Author: Paul Willis

  • Walking on Water, Pyramid Lake

    Walking on Water, Pyramid Lake

    These particular bugs can do it,
    dimpling the surface with their feet,
    and no one has built a church in their name.

    Other bugs swim underwater with abandon,
    with no blue ribbons to show for it.
    That leaves the rest of us to perform
    our daily miracles without applause.

    This rock, for example, sheared flat
    by who knows what torturous force,
    left to host its lime-green share

    of crustose lichen, that concoction
    of algae and fungi which long ago,
    not even listening to Rodney King,
    decided we can get along if we just try.

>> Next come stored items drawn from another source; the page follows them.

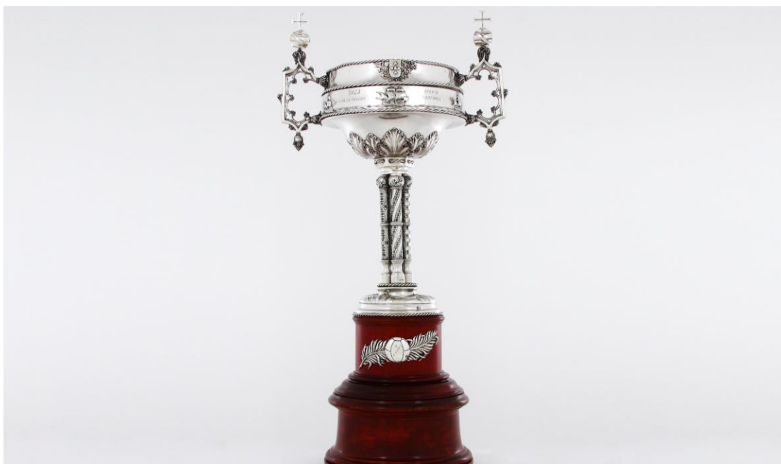
Imagem n°30:
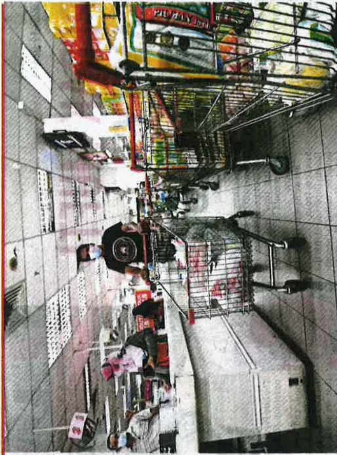
People shopping for necessities at a supermarket in Kuala Terengganu yesterday in preparation for the 14-day lockdown beginning today.

"Rice distribution at the wholesale and retail levels is permitted
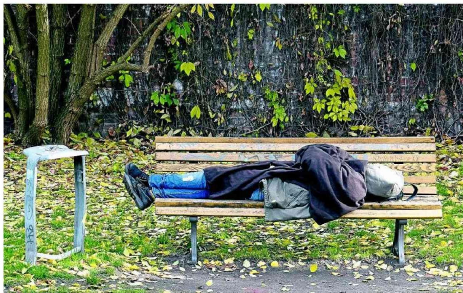
Zehn bis 15 Menschen in Rheine wohnen laut Schätzungen dauerhaft auf der Straße, sind obdachlos. Die Stadt weist auf Hilfen hin.

In Rheine gibt es das „Netzwerk Wohin? – Zuhause in Rheine“, in dem sich seit 2019 mehrere Organisatio-
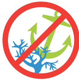
珊瑚礁にアンカーを下ろさない
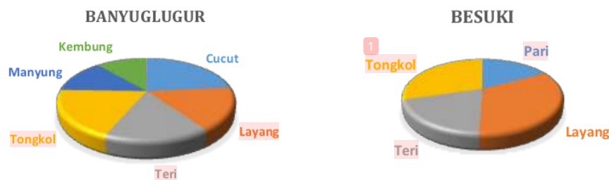
Gambar 1. Prioritas Komoditas Ikan Di Kecamatan Banyuglugur dan Besuki

Angka Location Quotient (LQ) untuk Kecamatan Banyuglugur menunjukkan angka prioritas untuk jenis ikan kembung, cucut, manyung, tongkol, layang dan teri. 6 jenis komoditas ini merupakan basis di Kabupaten Situbondo (nilai LQ > 1 ). Kecamatan Besuki memiliki prioritas 4 jenis ikan dengan LQ > 1 yaitu ikan layang, teri, tongkol dan pari.
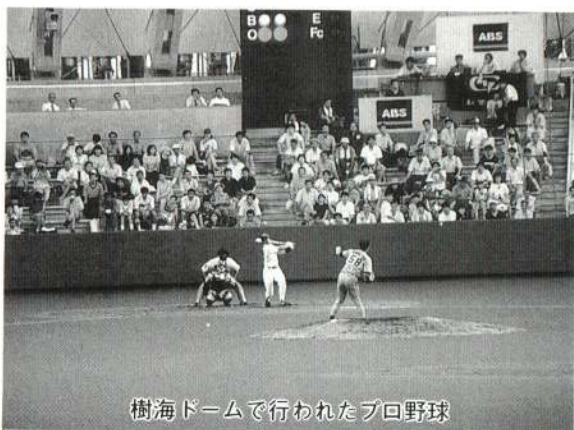
樹海ドームで行われたプロ野球
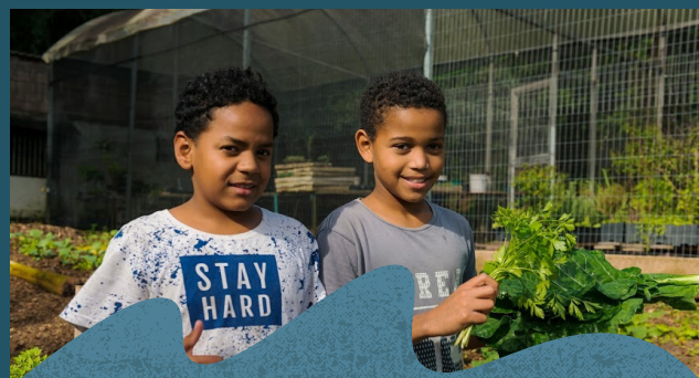
Entre as atividades propostas está o plantio, a colheita na horta e a compostagem.
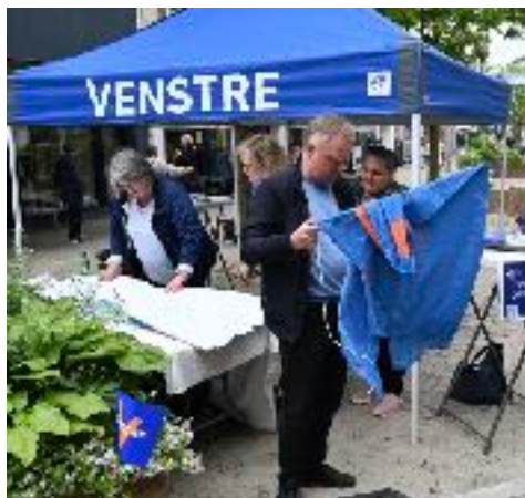
Venstres politiske salgsbod gøres klar

Konceptet er enkelt: Medlemmer og andre interesserede møder ved Rådhuset i Teatergade i Næstved kl. 08.00, hvor der tilbydes kaffe, brød og et politisk oplæg. Første gang den 5. oktober, hvor emnet er det netop indgåede budgetforlig. Derefter fortsætter man til Hjultorvet, hvor Venstres telt sættes op - med tilbud om politik og karameller til publikum.
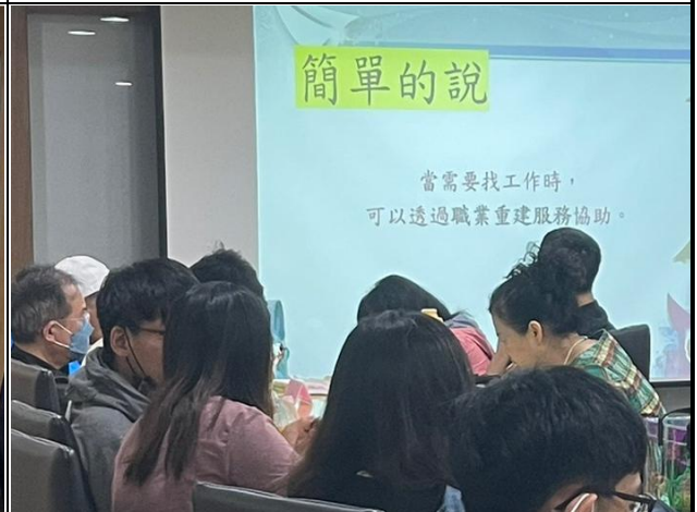
【輔導員與導師及學生進行畢業生轉銜討論】
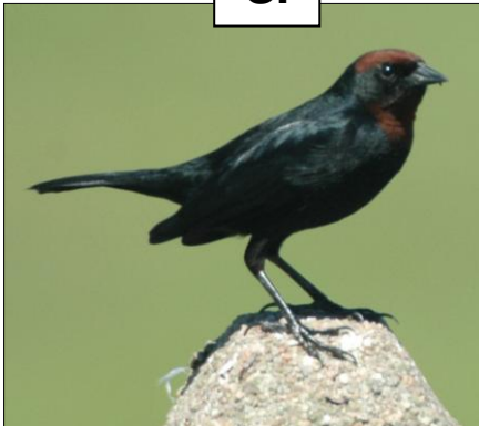
GARIBALDINO Chrysomus ruficapillus

    Ross Lake National Recreation Area

  • Cease-Fire

    In Sarajevo, the air seemed immensely blue,
    even at night.  Shells no longer channeled
    the sky, and children played at hide-and-seek


    from dawn to dark among the crosses.  Snow
    began to melt in the market.  There were flowers
    for sale, staining the tables and pavement


    crimson, blood of earth returned to blossom,
    martyrs crying out anew in the language
    of fragrance, “Peace, peace.”

  • ROTC 1974

    The day that I wore red white & blue
    boxer shorts to morning drill,
    Major Winslow rushed into my face
    with a clipboard.  “Your name, cadet!”


    It was winter, and my legs shone pale
    in regulation black shoes and black socks. 
    “Hanger,” I told him.  “Cliff Hanger.”
    He wrote it down as if his pen
    were assassinating each false letter,
    and then he dismissed me,
    me and my troop of followers
    in pink shirts and bow ties.


    That night, a Texas boy from across the hall
    came through my door and slid
    his arm around my shoulders.
    “You know,” he said, “men have died
    in that uniform.”  “You know,” I said,
    “more men have died in their boxer shorts.”